Python API

The Rain Pyton API consists of two domains that observe the workflow graph differently, although the concepts are similar and some classes are used in both contexts.

  • Code run at the client, creating sessions and task graphs, executing and querying sessions. There, the tasks are only created and declared, never actually executed.
  • Python code that runs inside remote Pyhton tasks on the governors. This code has access to the actual input data, but only sees the adjacent data objects (input and output).

Client API

class rain.client.RainException[source]

Generic Rain error.

class rain.client.RainWarning[source]

Generic Rain warning.

class rain.common.ID[source]

A rain task and object ID. A named tuple (session_id, id).

Client

One instance per connection to a server.

class rain.client.Client(address, port)[source]

A client connection object. Can hold multiple Sessions.

get_server_info()[source]

Returns basic server info.
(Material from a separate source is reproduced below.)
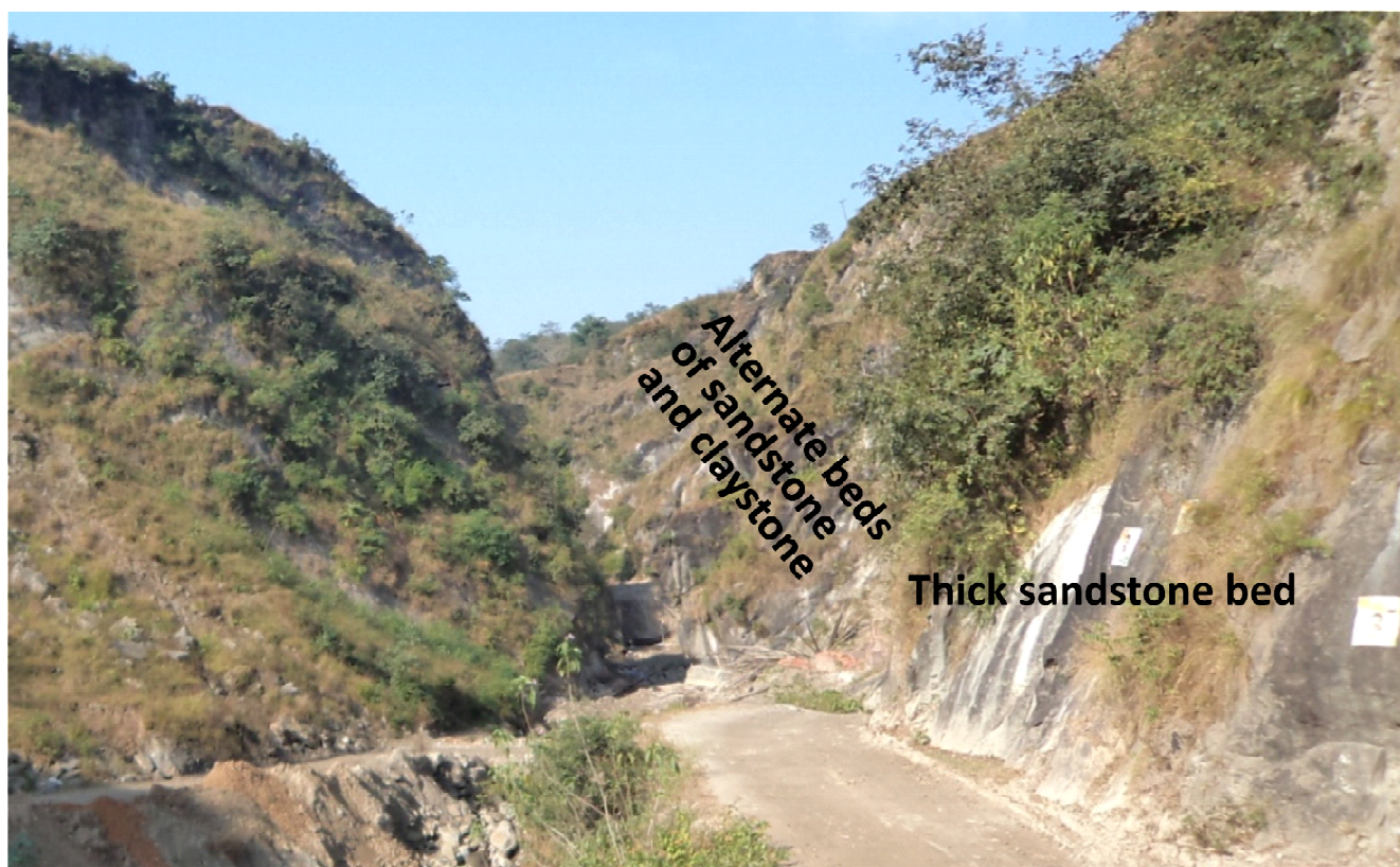
Figure 2. Middle Siwalik section on Sarkaghat-Dharampur Road from where fossil specimens were collected for present study.

extensive Neogene-Quaternary apron of freshwater sediments, which are exposed along the proximal margin of the Himalayan Foreland Basin, between Potwar Plateau in the west and Brahmaputra Valley in the east. Pilgrim (1913) was the first to provide three fold classifications of Siwalik as Lower, Middle and Upper Siwalik and suggested 7 faunal zones as Kamliial, Chinji, Nagri, Dhok Pathan, Tatrot, Pinjor and Boulder Conglomerate (Figure 2). It is interesting to note that these deposits represent one of the best continuous terrestrial Neogene fossil records, which are significant for understanding of the Eurasian terrestrial environments and palaeoclimates. The fossil locality Sarkaghat lies along the National Highway 70 in Mandi District, Himachal Pradesh (Figure 1). The fossil leaf bearing bed is a part of Middle Siwalik Sarkaghat anticline. It is characterized mainly by thick units of fine to coarse, dark grey indurate, multistoried sandstones with red, yellow and brown pedogenic mudstones (Figure 2).

Unstable.

Returns:dict – A JSON-like dictionary.
new_session(name='Unnamed Session', default=False)[source]

Creates a new session.

Note the session is destroyed server-side when the client disconnects.

Returns:Session – A new session

Session

One instance per a constructed graph (possibly with multiple submits). Tied to one Client.

class rain.client.Session(client, session_id, default=False)[source]

A container for one task graph.

Do not create directly, rather using Client.new_session(). When used as a context manager, all new objects and tasks are created within the session. Note the session is closed afterwards.

>>> with client.new_session() as s:
...     bl = blob("Hello rain!")
...     tsk = tasks.sleep(1.0, bl)
...     tsk.output.keep()
...     s.submit()
...     print(tsk.output.fetch()) # waits for completion

Currently, the graph and objects are alive on the server only as long as the Session exists.

bind_only()[source]

This method serves to bind session without autoclose functionality.

>>> with session.bind_only() as s:
...     doSometing()

binds the session, but do not close it at the end (so it may be bound again either with bind_only or normally with with session: ...).

close()[source]

Closes session; all tasks are stopped, all objects freed.

dataobj_count

The number of unsubmitted objects.

fetch(dataobject)[source]

Wait for the object to finish, update its state and fetch the object data.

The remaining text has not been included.